Work item: The line containing "- Three drawers" and every line after it, through the end of the material: copy these exactly and nothing else, leaving pictures out.

Supplied material:
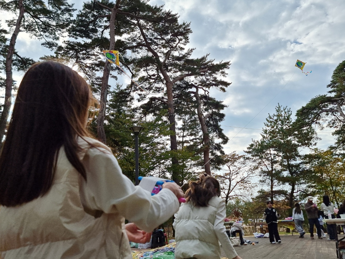 이리저리 뛰어서 연을 띄우고, 줄을 늘리고, 나무에 걸릴세라 분주하게 움직입니다.
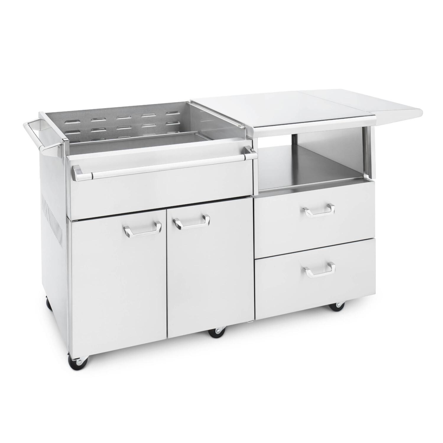 - Three drawers and two doors provide ample storage for all your grilling accessories
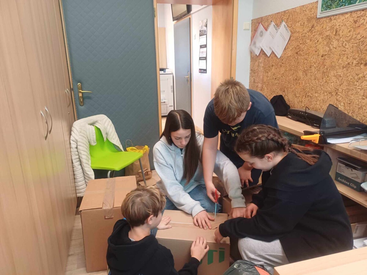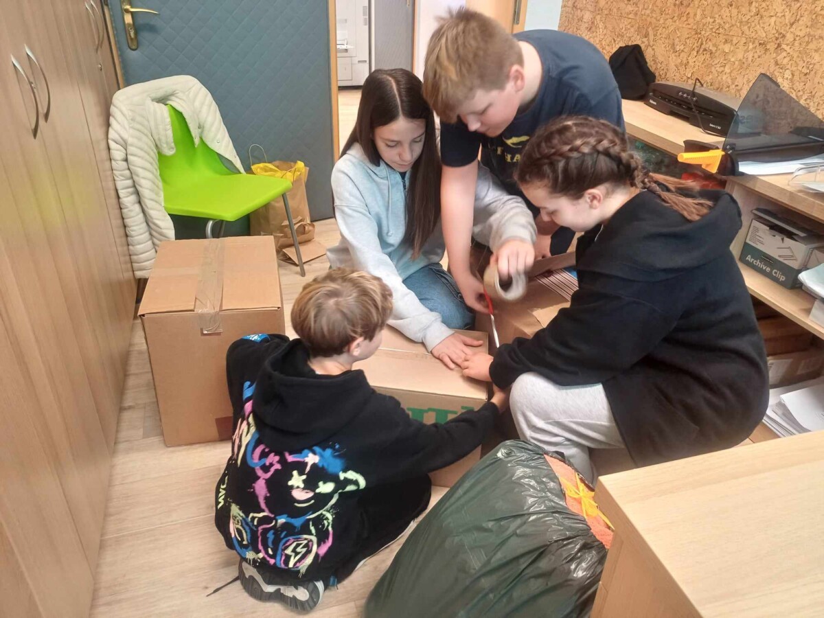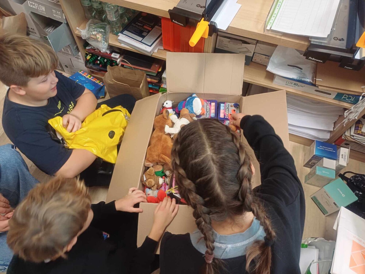 Od dnia 25.10 – 07.11.23r. uczniowie naszej szkoły zbierali dary w ramach akcji „Zostań Mikołajem”. Wszystkie przyniesione rzeczy miały trafić do dzieci z Ukrainy w formie prezentu mikołajkowego. Ilość przyniesionych darów przeszła nasze najśmielsze oczekiwania. W dniu 08.11.23 r. uczniowie klasy szóstej pakowali przyniesione dary do wielkich kartonów, by mogły zostać przetransportowane. 9.11.2023 dary zostały przekazane siostrze Przełożonej z Krysowic na

Solution for this task:
 - Three drawers and two doors provide ample storage for all your grilling accessories
 Od dnia 25.10 – 07.11.23r. uczniowie naszej szkoły zbierali dary w ramach akcji „Zostań Mikołajem”. Wszystkie przyniesione rzeczy miały trafić do dzieci z Ukrainy w formie prezentu mikołajkowego. Ilość przyniesionych darów przeszła nasze najśmielsze oczekiwania. W dniu 08.11.23 r. uczniowie klasy szóstej pakowali przyniesione dary do wielkich kartonów, by mogły zostać przetransportowane. 9.11.2023 dary zostały przekazane siostrze Przełożonej z Krysowic na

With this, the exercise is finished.